**WHAT YOU HAVE TO DO:** Lines from the one with "Купить Минерализатор воды" up to and including the one with "In this paper" are to be copied exactly from the records below, without their pictures.

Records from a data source
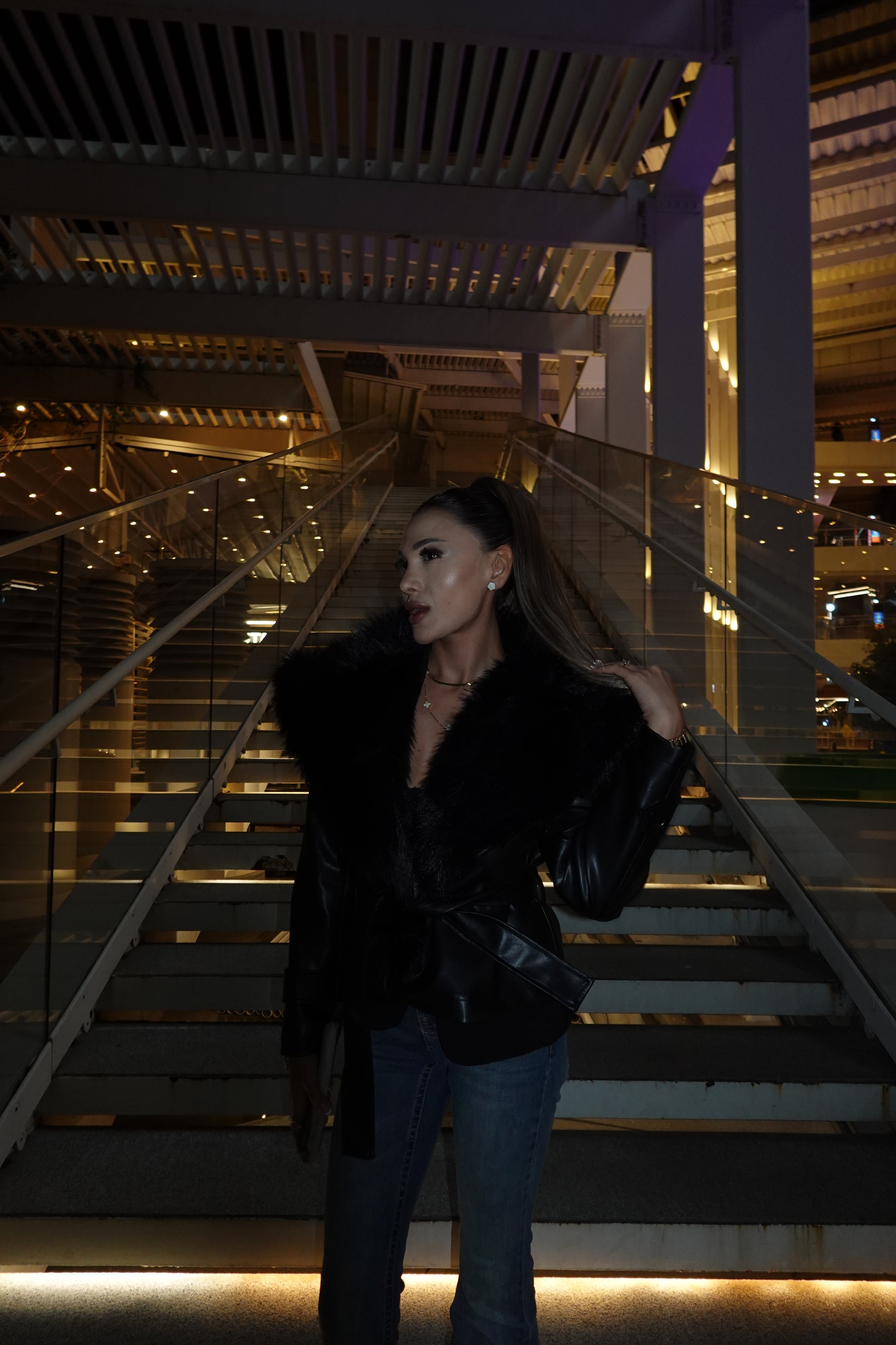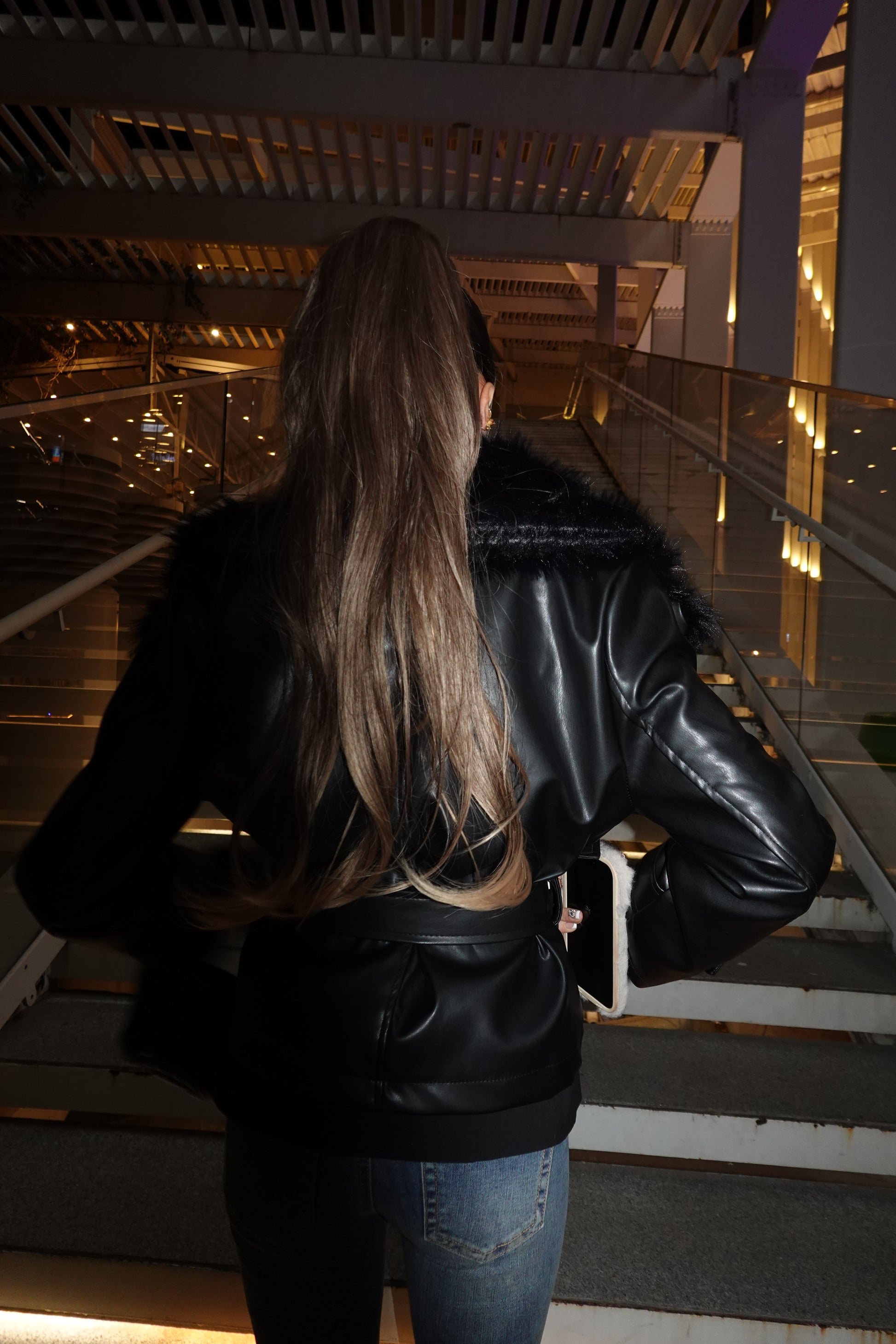 AYNA | Noir Kürklü Deri Ceket, lüks kürk detayları ve parlak deri dokusuyla kusursuz bir siluet yaratır.
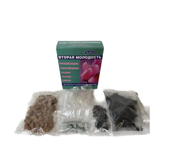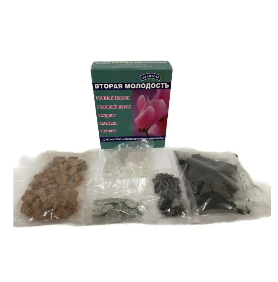 Купить Минерализатор воды Вторая молодость 380 гр., Сила 5 минералов: Кремень, Розовый песок, Жадеит, Кварц, Шунгит, Природный целитель, натуральные камни для очистки воды
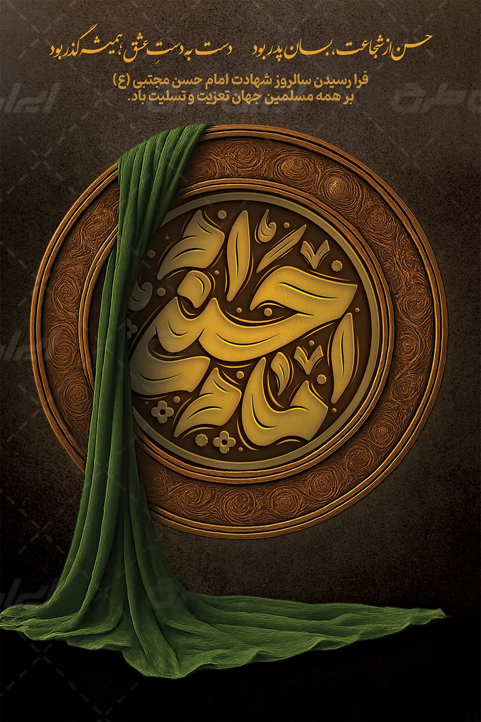طرح پوستر شهادت امام حسن مجتبی (ع) شامل:
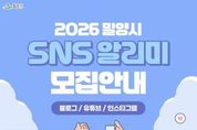 경남일간신문 | 경남 밀양시는 오는 12일 1일까지 시의 정책, 문화·관광, 축제·행사, 맛집 등 다양한 분야를 취재하고 홍보할 ‘2026년 사회관계망서비스(SNS) 알리미’를 모집한다고 24일 밝혔다. 모집 분야는 블로그 10명, 유튜브 5명, 인스타그램 5명 등 총 20명이다. 2026년에는 인스타그램 부문을 새롭게 신설해 더 다양한 플랫폼에서 밀양의 매력을 알리고자 한다. 선발된 SNS 알리미는 내년 연말까지 밀양시의 숨겨진 볼거리, 즐길 거리, 먹거리 등을 발굴해 품질 높은 콘텐츠를 제작하고, 이를 시 공식 사회관계망서비스 채널에 공유하게 된다. 활동자에게는 매월 콘텐츠 제작에 따른 소정의 원고료가 지급되며, 시가 주최하는 행사에 우선 참여하고 취재할 수 있는 기회 등 다양한 혜택도 주어진다. 지원 방법은 밀양시 대표 누리집의 고시·공고란에서 지원서를 내려받아 작성 후 이메일로 제출하면 된다. 모집 관련 자세한 사항은 밀양시 대표 누리집 또는 공식 사회관계망서비스에서 확인할 수 있다. SNS 알리미 선정 결과는 12월 12일 밀양시 대표 누리집 게재 및
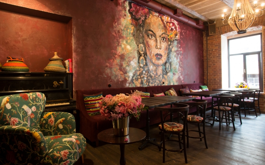 Интерьер: Дизайн сделала Ксения Смирнова — в городе ее знают в том числе по оформлению заведения Una. Все делали по вдохновению, стены расписал отец Ксении — опытный художник.
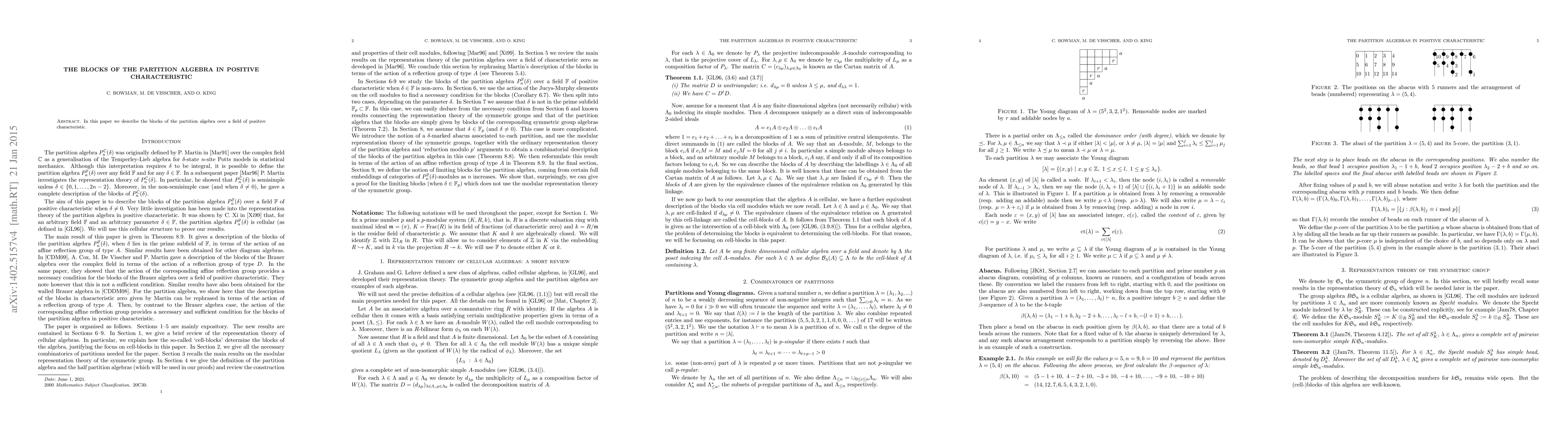 In this paper we describe the blocks of the partition algebra over a field of positive characteristic.
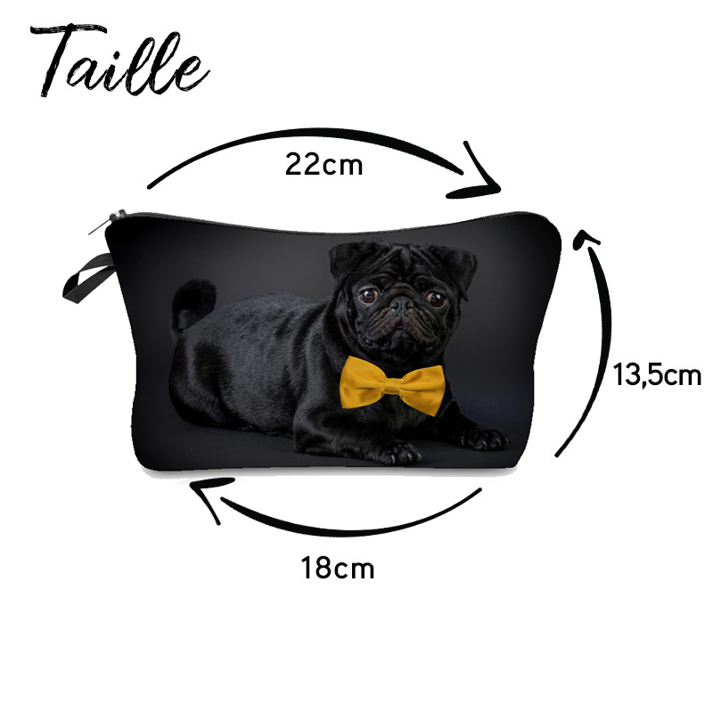 [/vc_column_text][vc_empty_space][vc_column_text]Cette Trousse Bouledogue est destinée aux jeunes filles et aux femmes qui adorent le maquillage et les bouledogues français ! Que vous soyez la reine du bazar organisé ou que vous changiez de sac fréquemment : emportez votre pochette et son contenu partout avec vous. Son design ultra mignon rendra jalouses toutes vos copines.
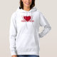 A large red heart is centered on a pink background, flanked by two smaller hearts and stylized eyes containing heart shapes. The design incorporates symmetry and a romantic theme with a bold color palette.
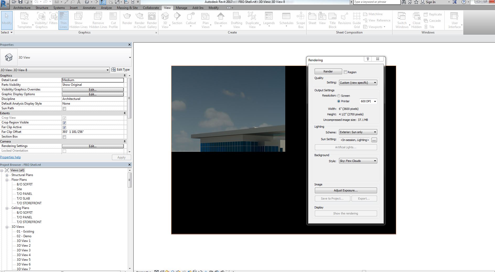 When I attempt to print to a printer resolution of 600 DPI Revit returns a rendering with 1/4 of the image present and the rest is solid black, regardless of how long I let it render. The attached photo is an example. Any ideas on how to get a higher quality rendering without the black quadrants? I seen a post on reducing the dimensions of the image and I made it less than 6" in both length and width to no avail. Thank you everyone for your help.
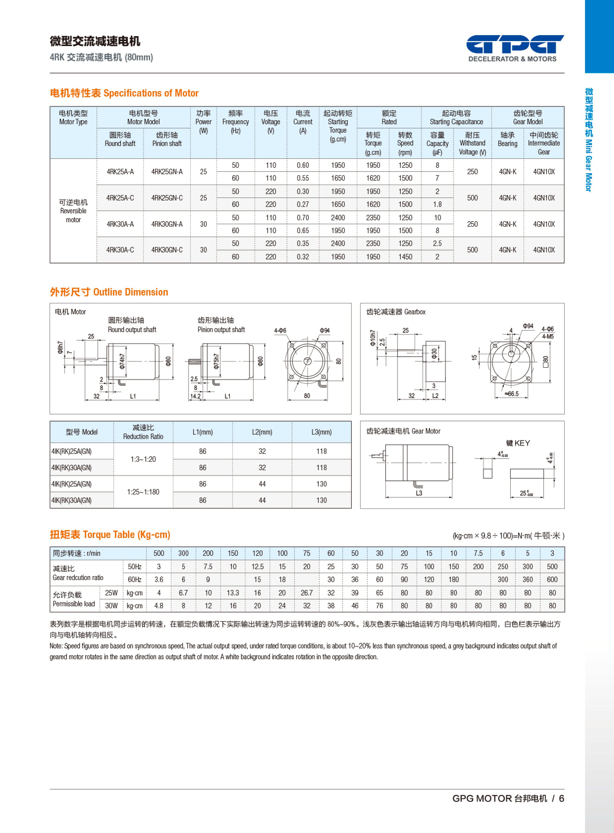 4IK/4RK 交流减速马达(80mm)
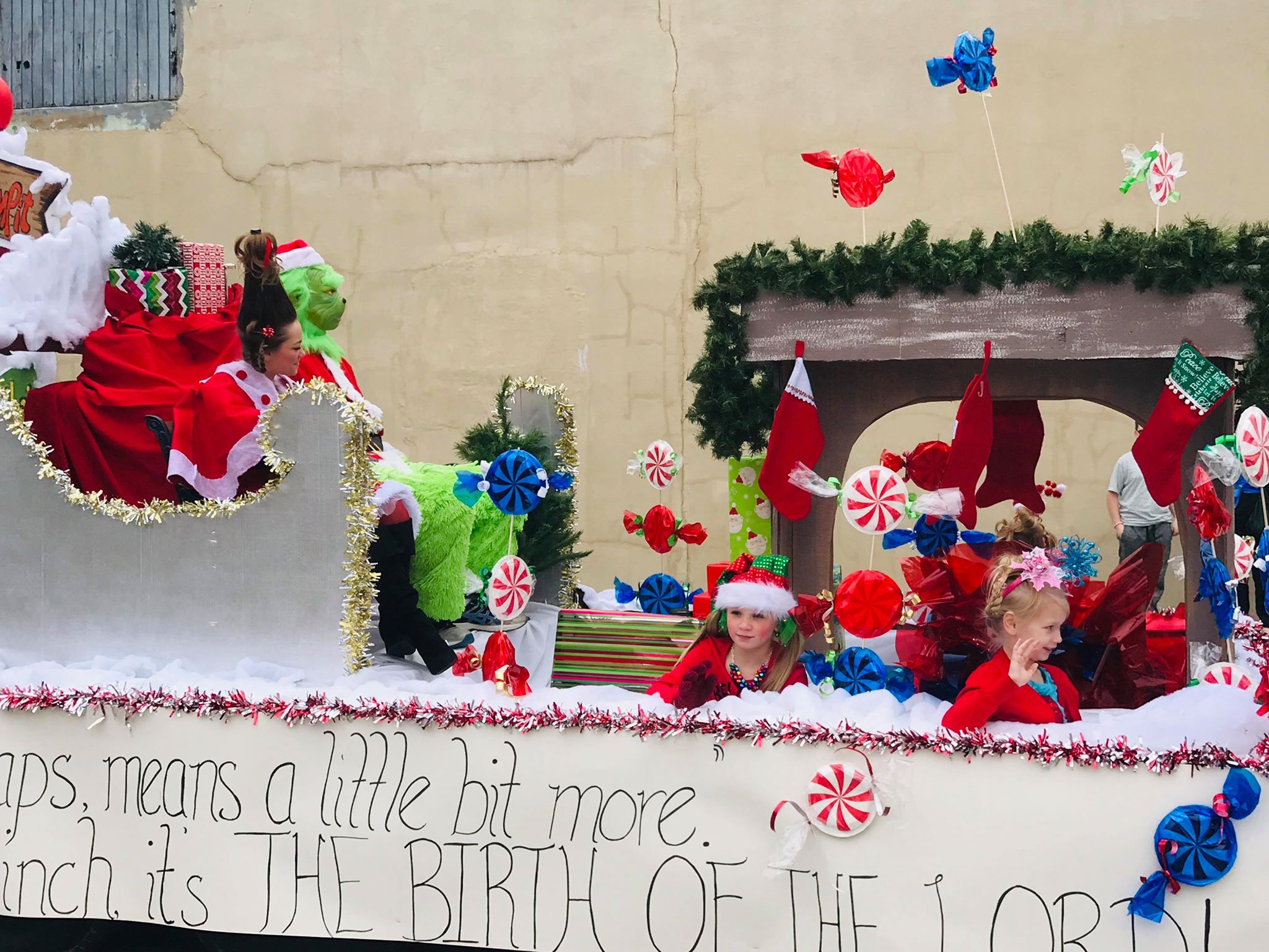 Great job everyone for still doing the parade despite rain reschedules and people turning out to see our state champs. Awesome Grinch and Cindy Lou on the sleigh!

**RESPONSE FOR THIS EXERCISE:**
 Купить Минерализатор воды Вторая молодость 380 гр., Сила 5 минералов: Кремень, Розовый песок, Жадеит, Кварц, Шунгит, Природный целитель, натуральные камни для очистки воды
طرح پوستر شهادت امام حسن مجتبی (ع) شامل:
 경남일간신문 | 경남 밀양시는 오는 12일 1일까지 시의 정책, 문화·관광, 축제·행사, 맛집 등 다양한 분야를 취재하고 홍보할 ‘2026년 사회관계망서비스(SNS) 알리미’를 모집한다고 24일 밝혔다. 모집 분야는 블로그 10명, 유튜브 5명, 인스타그램 5명 등 총 20명이다. 2026년에는 인스타그램 부문을 새롭게 신설해 더 다양한 플랫폼에서 밀양의 매력을 알리고자 한다. 선발된 SNS 알리미는 내년 연말까지 밀양시의 숨겨진 볼거리, 즐길 거리, 먹거리 등을 발굴해 품질 높은 콘텐츠를 제작하고, 이를 시 공식 사회관계망서비스 채널에 공유하게 된다. 활동자에게는 매월 콘텐츠 제작에 따른 소정의 원고료가 지급되며, 시가 주최하는 행사에 우선 참여하고 취재할 수 있는 기회 등 다양한 혜택도 주어진다. 지원 방법은 밀양시 대표 누리집의 고시·공고란에서 지원서를 내려받아 작성 후 이메일로 제출하면 된다. 모집 관련 자세한 사항은 밀양시 대표 누리집 또는 공식 사회관계망서비스에서 확인할 수 있다. SNS 알리미 선정 결과는 12월 12일 밀양시 대표 누리집 게재 및
 Интерьер: Дизайн сделала Ксения Смирнова — в городе ее знают в том числе по оформлению заведения Una. Все делали по вдохновению, стены расписал отец Ксении — опытный художник.
 In this paper we describe the blocks of the partition algebra over a field of positive characteristic.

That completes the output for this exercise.